Exercise prompt :: Restate the following data in its entirety, word for word and without images.

Information ::
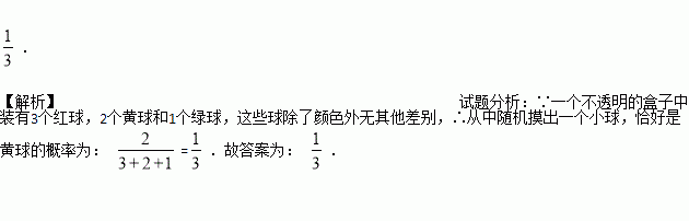 一个不透明的盒子中装有3个红球,2个黄球和1个绿球,这些球除了颜色外无其他差别,从中随机摸出一个小球,恰好是黄球的概率为________________.
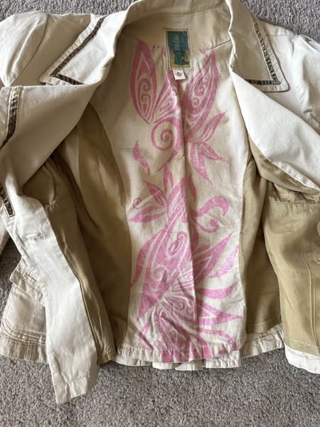 This super cute tan/brown petite jacket is perfect for dressing up or down with ease! Previously loved, it has a small stain in the armpit that’s hidden when worn—an expert could likely remove it. With a length of 20.5 inches, a 28.5-inch waist, and 16.5 inches from armpit to armpit, this charming piece fits just right for a playful, stylish look.
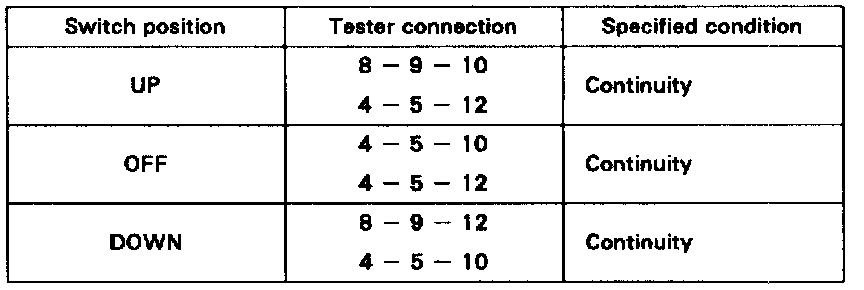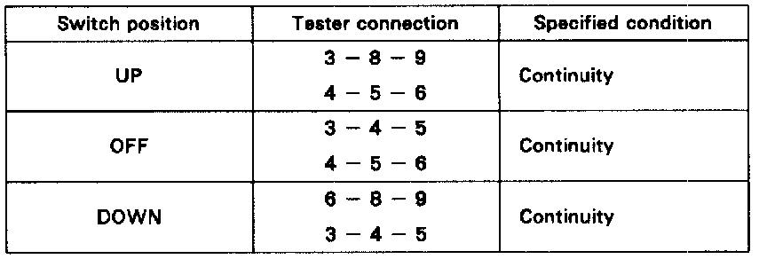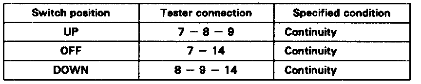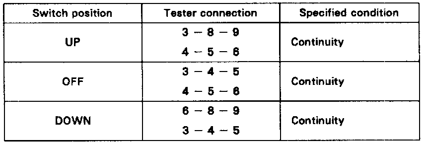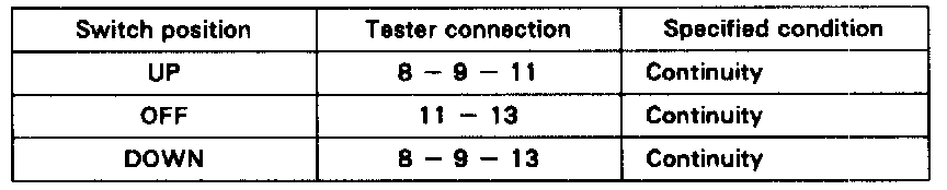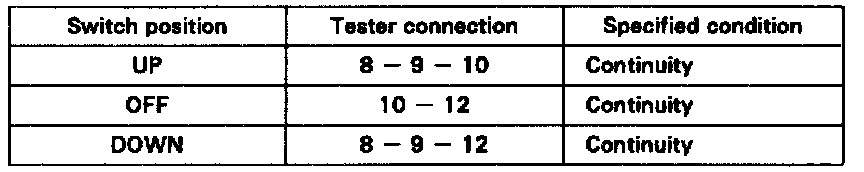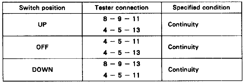 If continuity is not as specified, replace the master switch.
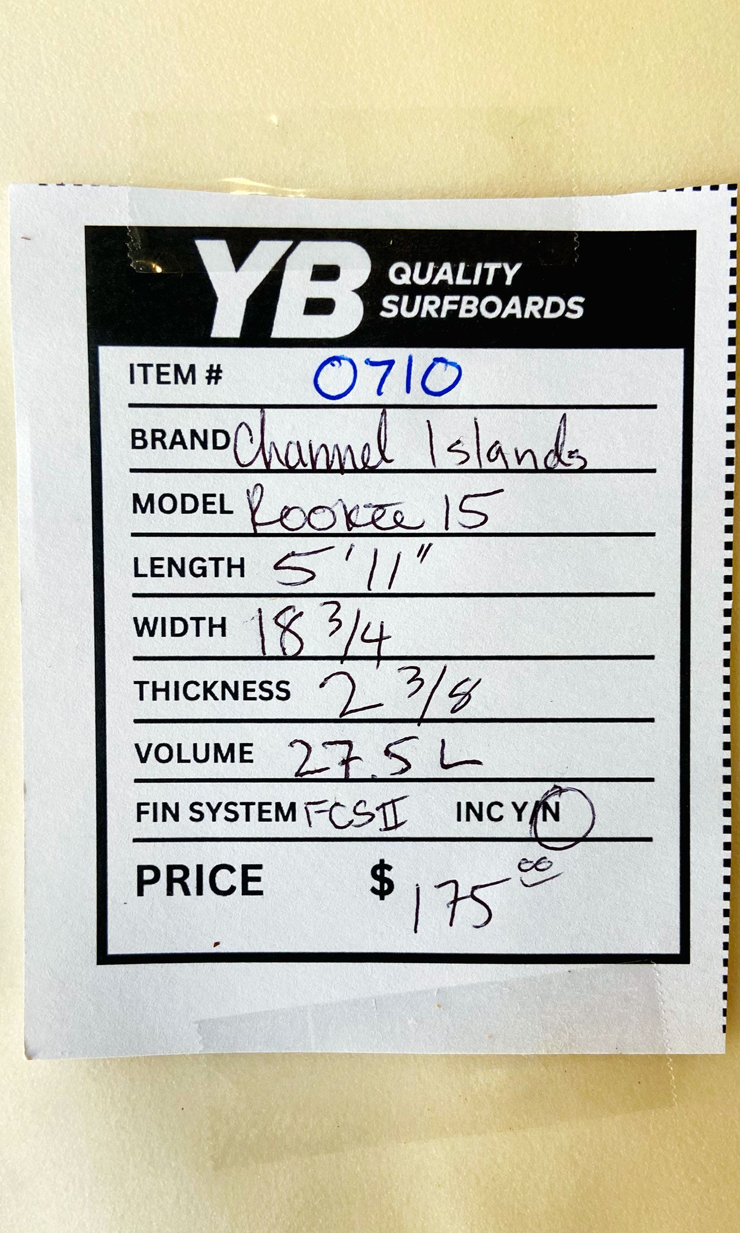 This is a Channel Islands 5'11" Rookie 15 Surfboard. Board is in decent condition with major deck dents.
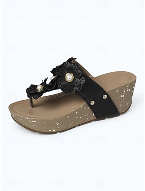 Grønne kilehælsandaler med blomsterapplikasjoner til dame – komfortable sommersandaler med platåpynt og imiterte perler til hverdagsbruk, hagefest og fritidsbruk
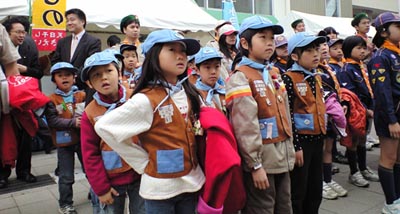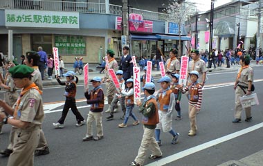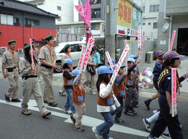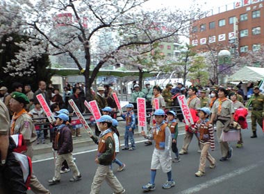 肌寒い中、みんな元気にプラカードを持ってパレードの行進だ。みんな揃って歩いているかい?
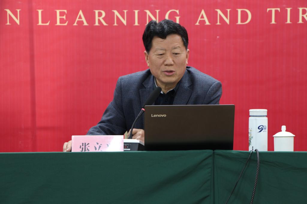 张立兴教授从新《党章》鲜明的时代特性和辅导员如何牢记初心、践行使命两个大的方面进行了深入的阐述。他从新《党章》“空前强调”的十二个方面分析了其时代特性,结合新《党章》和时代要求,以及个人担任辅导员的切身经历对全体辅导员如何牢记初心、践行使命提出了建议和要求。他指出,作为新时代的高校辅导员,必须强化理论学习、强化政治意识、强化责任担当,努力成为让学生信赖敬仰的良师益友。
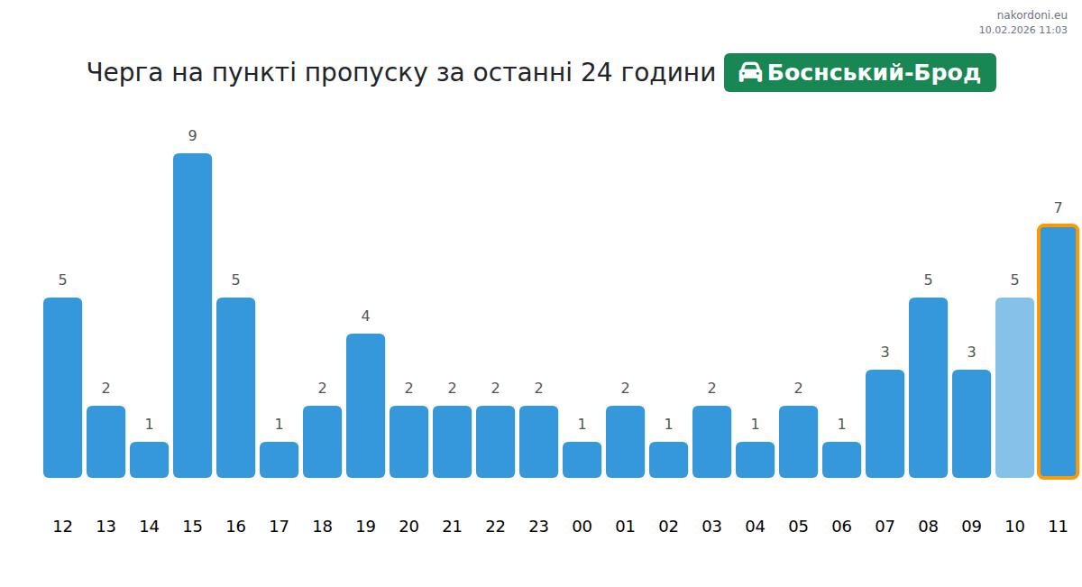 Анализ на опашката на границата на КПП Боснський-Брод - лек автомобил за вчера
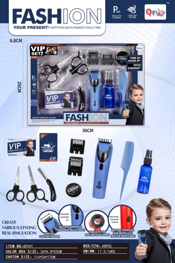 Bogato wyposażony zestaw barbera dla dzieci od trzeciego roku życia. Zestaw składa się z 11 elementów, wykonany został z najlepszej jakości materiałów, co gwarantuje mu długie użytkowanie. W skład zestawu wchodzą: maszynka do strzyżenia, 2 rodzaje nożyczek, brzytwa, 2 końcówki do maszynki, 2 rodzaje pojemniczków na kosmetyki do brody, grzebień, oraz dwie karty VIP. Z tak bogato wyposażonym zestawem, Twoja pociecha będzie mogła bawić się w strzyżenie, modelowanie zarostu, czy też fryzur. Maszynka posiada efekty dźwiękowe oraz ruchome ostrza. Zasilana jest bateriami typu 2 x AAA 1,5 V (brak w zestawie).
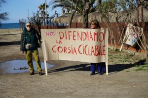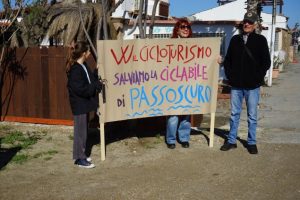 Lunedì 24 marzo il Comune di Fiumicino ha iniziato i lavori di smantellamento della corsia ciclabile di Passoscuro, in Via Ghilarza nella parte più a sud del lungomare. Dopo una prima mobilitazione di martedì 25 marzo, domenica 30 marzo dalle ore 10,00 si è svolto un nuovo incontro – flash mob – presso il ponticello di Passoscuro, cui hanno nuovamente partecipato una cinquantina di cittadini circa, ed al quale ha aderito anche Bravetta Runners, che ha organizzato la “10K del Litorale” che si è svolta in gran parte sul tracciato della stessa pista ciclabile.
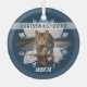 Stylish modern holiday ornament with cat name featured in fun typography in white on a blue background, over your cutest cat photograph. All framed in a pretty flower shape. Christmas 2025 on the face of the classy ornament.
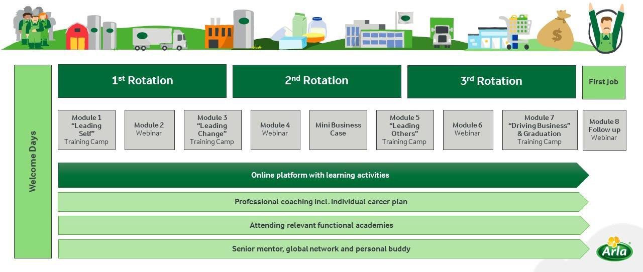 We will nurture your talent for becoming a future leader in Arla, and among other things, you will learn how to be a high-performer in a global, farmer-owned FMCG company. Being part of a graduate programme in Arla Foods is truly special and is a fantastic opportunity to kick-start your future career.
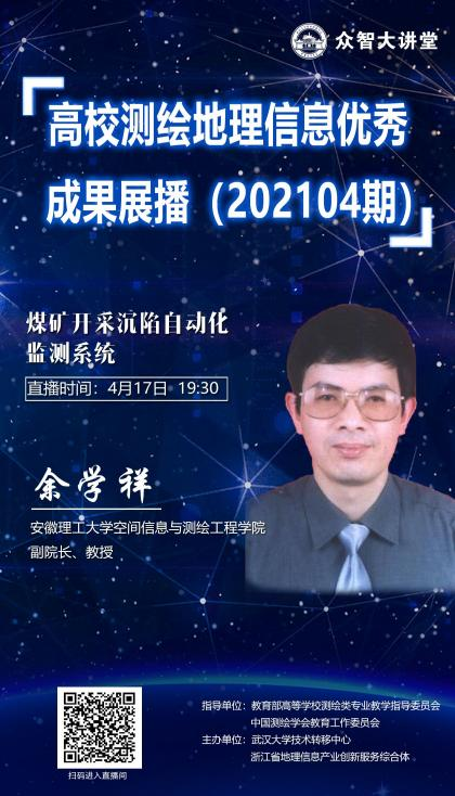 4月17日,空间信息与测绘工程学院副院长余学祥教授,受测绘教育“两委会”(教育部高等学校测绘类专业教学指导委员会、中国测绘学会教育工作委员会)邀请,担任“众智大讲堂-高校测绘地理信息优秀成果展播”(202104期)主讲专家。

Your response ::
 一个不透明的盒子中装有3个红球,2个黄球和1个绿球,这些球除了颜色外无其他差别,从中随机摸出一个小球,恰好是黄球的概率为________________.
 This super cute tan/brown petite jacket is perfect for dressing up or down with ease! Previously loved, it has a small stain in the armpit that’s hidden when worn—an expert could likely remove it. With a length of 20.5 inches, a 28.5-inch waist, and 16.5 inches from armpit to armpit, this charming piece fits just right for a playful, stylish look.
 If continuity is not as specified, replace the master switch.
 This is a Channel Islands 5'11" Rookie 15 Surfboard. Board is in decent condition with major deck dents.
 Grønne kilehælsandaler med blomsterapplikasjoner til dame – komfortable sommersandaler med platåpynt og imiterte perler til hverdagsbruk, hagefest og fritidsbruk
 肌寒い中、みんな元気にプラカードを持ってパレードの行進だ。みんな揃って歩いているかい?
 张立兴教授从新《党章》鲜明的时代特性和辅导员如何牢记初心、践行使命两个大的方面进行了深入的阐述。他从新《党章》“空前强调”的十二个方面分析了其时代特性,结合新《党章》和时代要求,以及个人担任辅导员的切身经历对全体辅导员如何牢记初心、践行使命提出了建议和要求。他指出,作为新时代的高校辅导员,必须强化理论学习、强化政治意识、强化责任担当,努力成为让学生信赖敬仰的良师益友。
 Анализ на опашката на границата на КПП Боснський-Брод - лек автомобил за вчера
 Bogato wyposażony zestaw barbera dla dzieci od trzeciego roku życia. Zestaw składa się z 11 elementów, wykonany został z najlepszej jakości materiałów, co gwarantuje mu długie użytkowanie. W skład zestawu wchodzą: maszynka do strzyżenia, 2 rodzaje nożyczek, brzytwa, 2 końcówki do maszynki, 2 rodzaje pojemniczków na kosmetyki do brody, grzebień, oraz dwie karty VIP. Z tak bogato wyposażonym zestawem, Twoja pociecha będzie mogła bawić się w strzyżenie, modelowanie zarostu, czy też fryzur. Maszynka posiada efekty dźwiękowe oraz ruchome ostrza. Zasilana jest bateriami typu 2 x AAA 1,5 V (brak w zestawie).
 Lunedì 24 marzo il Comune di Fiumicino ha iniziato i lavori di smantellamento della corsia ciclabile di Passoscuro, in Via Ghilarza nella parte più a sud del lungomare. Dopo una prima mobilitazione di martedì 25 marzo, domenica 30 marzo dalle ore 10,00 si è svolto un nuovo incontro – flash mob – presso il ponticello di Passoscuro, cui hanno nuovamente partecipato una cinquantina di cittadini circa, ed al quale ha aderito anche Bravetta Runners, che ha organizzato la “10K del Litorale” che si è svolta in gran parte sul tracciato della stessa pista ciclabile.
 Stylish modern holiday ornament with cat name featured in fun typography in white on a blue background, over your cutest cat photograph. All framed in a pretty flower shape. Christmas 2025 on the face of the classy ornament.
 We will nurture your talent for becoming a future leader in Arla, and among other things, you will learn how to be a high-performer in a global, farmer-owned FMCG company. Being part of a graduate programme in Arla Foods is truly special and is a fantastic opportunity to kick-start your future career.
 4月17日,空间信息与测绘工程学院副院长余学祥教授,受测绘教育“两委会”(教育部高等学校测绘类专业教学指导委员会、中国测绘学会教育工作委员会)邀请,担任“众智大讲堂-高校测绘地理信息优秀成果展播”(202104期)主讲专家。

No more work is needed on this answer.